Tonik thanks its radically different approach from the get-go, as customer service is not just an aspect of their operations, it is their very essence incorporated in every level of the organization.

“Tonik is proud to be recognized for our customer service by none other than our consumers,” says Mila Bedrenets, Chief Growth Hacker of Tonik Digital Bank. “This award is important for us, as this validates the dedication and passion that we have poured into providing the best banking experience to all our customers.”

The recognition comes from an independent survey launched by Statista, a globally established company publishing brand top lists in cooperation with high-profile media partners. For the Philippines, Statista partnered with Philippine Daily Inquirer, the nation’s leading broadsheet.

Statista surveyed a vast sample of 11,000 Filipino customers who have either made purchases, used services, or gathered information about products or services in the past three years.


Tonik stands out from other banking institutions in such a way that customer service is a collaborative effort across all its teams.

From its agents up to members of its senior management, the bank integrates agility and care in listening to customer feedback to further enhance its app, making sure that every interaction leads to a better overall banking experience.

Bedrenets mentions that at this day and age of social media, identifying customer pain points are simple, and that it is just a matter of learning to listen and act on them quickly to address and resolve any concerns.

“I am [literally] sending screenshots of customer complaints to fellow top managers daily, just so everyone is duly aware of customer pain points,” Bedrenets said. “Once the specific complaint is addressed, we also make sure that the same issue will not be experienced by other customers.”

Tonik also utilizes the fastest possible flow of communication across all its teams to address customer issues and concerns and employs tools to effectively alleviate customer pain points.

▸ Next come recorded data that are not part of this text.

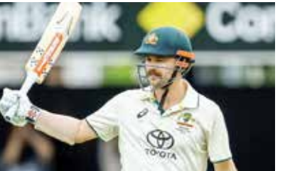
(એજન્સી) મેલબોર્ન તા 26

અનુભવી ક્રિકેટર ગ્રેગ ચેપલે ટ્રેવિસ હેડને હાલમાં વિશ્વનો સર્વશ્રેષ્ઠ બેટર ગણાવ્યો છે. તેમણે કહ્યું- BGTમાં જસપ્રીત બુમરાહ સામે હેડનું પ્રદર્શન તેના નીડર અભિગમ અને બેટિંગના ઓસ્ટ્રેલિયન કોર્મ્યુલાનું ઉદાહરણ છે. ઓસ્ટ્રેલિયાના ભૂતપૂર્વ કેપ્ટન ચેપલ માને છે કે ટેસ્ટ બેટર તરીકે હેડની સફળતા પાછળનું કારણ તેની સહજતા અને આક્રમકતા છે. હેડે ભારત સામેની પ્રથમ 3 ટેસ્ટ મેચમાં બે સદી અને એક અડધી સદીની મદદથી 409 રન બનાવ્યા છે. તે સિરીઝનો ટોપ સ્કોરર છે. હાલમાં બુમરાહ સામે હેડનું પ્રદર્શન તેના નીડર અભિગમનું ઉદાહરણ છે. જ્યારે અન્ય બેટર્સ બુમરાહની બિનપરંપરાગત ક્રિયા, ગતિ અને સતત સચોટ બોલિંગ સામે સંઘર્ષ કરી રહ્યા હતા, ત્યારે હેડે તેને અન્ય મજબૂત ઈરાદા સાથે બુમરાહનો સામનો કર્યો અને તેની સામે રન બનાવવાનો પ્રયાસ કરીને માત્ર તેનો ખતરો ઓછો કર્યો જ નહીં પરંતુ તેની લયમાં પણ ખલેલ પહોંચાડી.
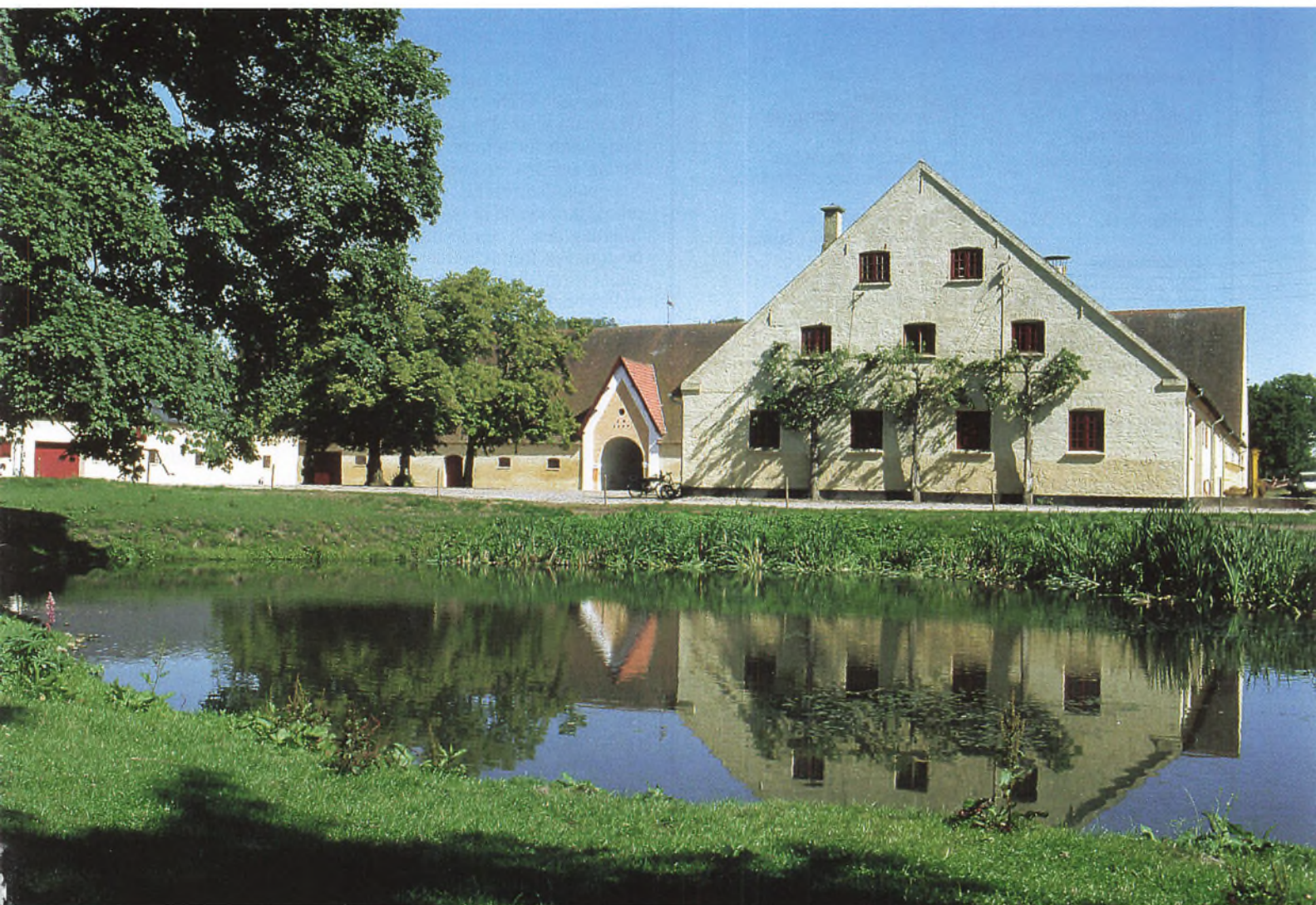
Avlsgården til Kærsgård hovedgård, som rummer transportmuseet.
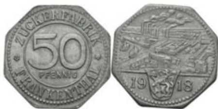
Germania - Frankenthal. Gettone Notgeld da 50 pfennig 1918. Alluminio - Emesso dal Zuccherificio cittadino

Nella prima metà del XX secolo (per lo più dal 1914 al 1948) molte nazioni utilizzarono la monetazione notgeld (Russia, Italia, Francia, Belgio, Ungheria solo per citarne alcune) e servivano per far fronte alla carenza di monete spicciole poiché il metallo necessario venne impiegato per la produzione di armamenti e forniture belliche. I notgeld furono principalmente monete in forma cartacea (simile a banconote) ma furono usate anche monete metalliche di metalli meno versatili (soprattutto zinco o alluminio, non utili per la produzione di armi), ma anche stoffe (seta, lino – Leinengeld – e pellame vario) o porcellana
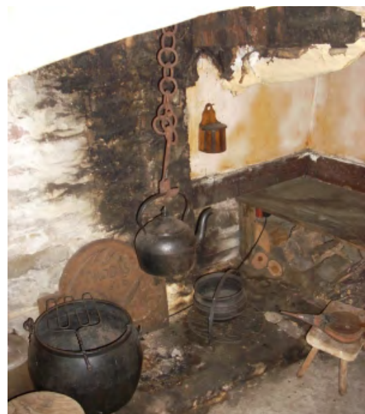
Una xemeneia típicament medieval, noti's la brama per reanimar el foc i la petita caixa de sal penjada a la paret [ Fig. 103 ]

Per a una persona en forma, una caminada de 10 o 12 quilòmetres era normal per resoldre afers, però no per motius d'oci. Quan els prohoms cercaven una manera d'evitar que s'esdevingués la batalla de Binissalem, circulaven en grups de dos o tres per tota la comarca cercant les dues bandositats. Andreu Borràs “i lo dit Antoni Steve partiren de la dita vila a peu i feren la via de Toffla i passaren per assò den Vilalonga”** . L'hora en què començaren a xerrar de la possibilitat de fer la recerca, era “envers posta del sol” i la meitat de la caminada era amb pendent amunt (Gabriel Llompart, 1988, p. 36 i 37).
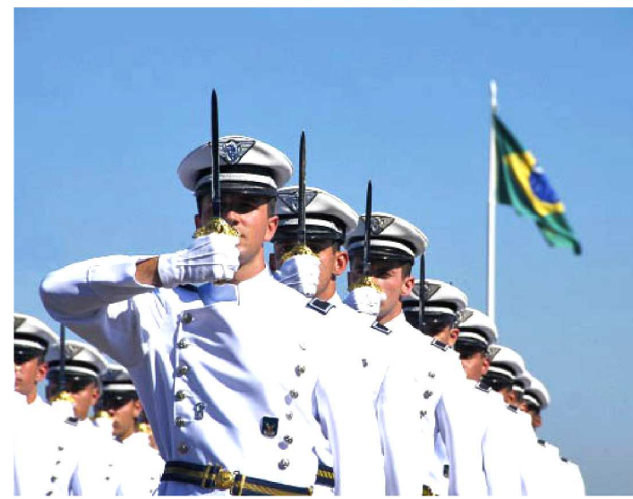
AS CHANCES SÃO DISTRIBUÍDAS EM VÁRIAS ESPECIALIDADES

Já foi oficializada a abertura do concurso da Aeronáutica de 2019 para admissão ao curso de formação de sargentos. No total, o edital oferece 227 vagas.
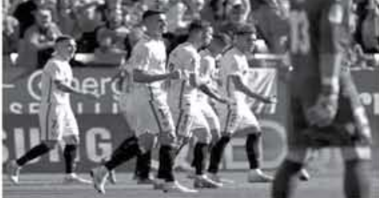
مدريد - وكالات

تهابة الموسم ، مع خيار الشراء ، وأضافت أن العقبة الأساسية ، كانت في قيمة خيار الشراء ، الذي سيصل إلى نحو 20 مليون يورو ، وأكدت الصحيفة أن روج ، قد يساهم إلى برشلونة لمواجهة البلوجرانا ، في كأس الملك ، وكانت مباراة الذهاب ، قد انتهت بفوز الفريق الأندلسي ، بهدفين دون رد ، بأبغبارة التي شهدت غياب الأرجنتيني ليونيل ميسي .
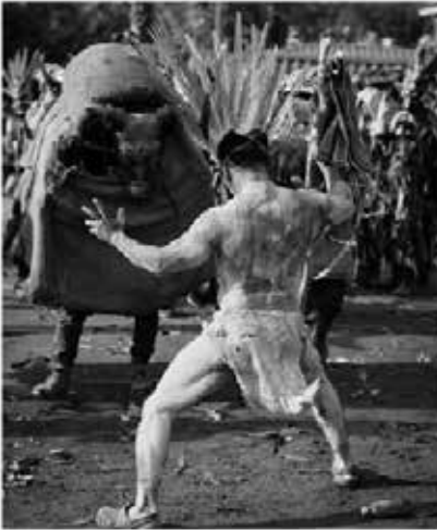
Fotografías de Alexander Ch Goul (detalle) Photography by Alexander Ch Goul (detail)

L´Hoxa InternationART Estado profundo del arte hoy N. 80 ENERO 2025 lhoxa.art
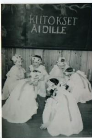
Kevätleikkejä Vaadinselän koululla.

Illalla käytiin 2–3 ryhmässä hakemassa Alapeteristä maitotonkka. Talvella maitoa haettiin kelkalla, muulloin kottikärryn tapaisella. Opettaja ei tykännyt siitä, että pojat metsästä hakivat ja löysivätkin vanhaa sota-ajan rompetta. Pojat olivat löytäneet sieltä sotilaan jäänteetkin ja kypärän, onneksi ei miinoja. Koulun lammen ympäristö oli jännittävä paikka. Asuntola-aikanakin sai juosta metsissä, sitä ei vartioitu eikä kielletty. Vahinkoja ei kumma kyllä koskaan suuremmin sattunut. Mitä nyt kesälomalla, kun pojat menivät kanahaukan pesälle ja emo tuli ja iski kyntensä kiipeilijän niskaan. Haavoihin keitettiin sitten tehokasta pihkavoidetta ja ne paranivat. Pojilla kun oli elättinä Pekka-korppi ja ”pikkulintuja” eli kanahaukan poikasia, joille piti sitten pyydystää sammakoita ja muuta syötettävää. Oli siinä kesäpäivinä jängällä ja metsässä juoksemista. Ja täytyi seurata muittenkin lintujen elämää, Olli-tikkaa lähikelossa ja pikkuista Pikku piika pajulinnun pesää vanhassa posti-laatikossa. Myös hillankukkien määrää ja paikkaa tuli tarkistaa ja muuta marjasatoa. Aamuisin lehmät ajettiin metsään tai aavalle, haettiin sitten iltaisin pois ja päivällä niille lehtiä riivittiin. Pojat kalastelivat usein Majavalammella lautan päällä ahvenia ja puroista saivat välillä tammukoitakin. Tarvittiin myös lierojakin matopurkkiin syötiksi kivien alta kerätä. Koskaan ei kuultu lasten sanovan, ettei ole mitään tekemistä.
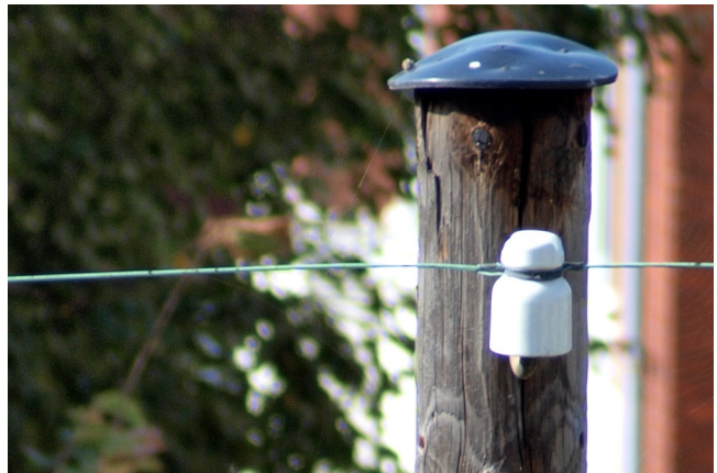
Samme billede men et 100% crop
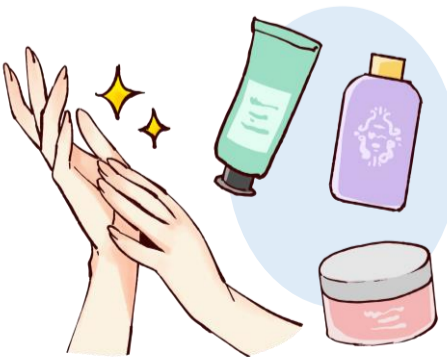
水仕事や手洗い、消毒で手肌の乾燥も気になりますね、ハンドクリームを指先までしっかり塗って保湿をしましょう。

腕は手先から二の腕に向かって丁寧に塗りましょう。足はリンパの流れを意識して足先から太ももに向かって塗ります。皮脂腺や汗腺が少なく、乾燥しやすいひじ、ひざ、かかとは尿素入りクリームを使うとなめらかなお肌が目指せます。ひじやひざは手足を曲げて円を描くように伸ばすとシワの間にもクリームが行き渡ります。ボディオイルもおすすめて、手になじませてから使用を。入浴後に、濡れたまま使えるタイプもあります。
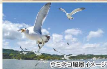
ウミネコ風景イメー
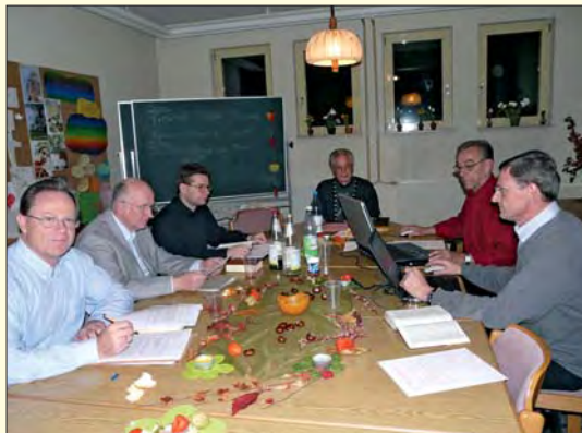
Die Mitarbeiter arbeiten in drei Gruppen die 13 Manuskripte (sie entsprechen den wöchentlichen Themen) durch.

Pastor in Halle, seit 1995 Mitarbeiter im Arbeitskreis Bibelschule.

“The ‘Voice of Customer’ unit is not a side structure for us, nor is it buried in a deeper level of our organization. We make sure that is very much present in our management committee front and center, as we understand that the more you care about customer experience, the less you will need to care about good sales performance,” Bedrenets added.

The Bangko Sentral ng Pilipinas (BSP)-licensed digital bank also goes the extra mile by proactively informing its customers of both internal and external service improvements, changes, as well as scheduled downtimes, which may affect their app experience. This transparent communication ensures that customers are informed and updated, fostering trust and reliability.

As they continue to revolutionize the digital banking landscape in the Philippines, Tonik Digital Bank invites customers to experience banking that is truly centered around their needs, values, and aspirations.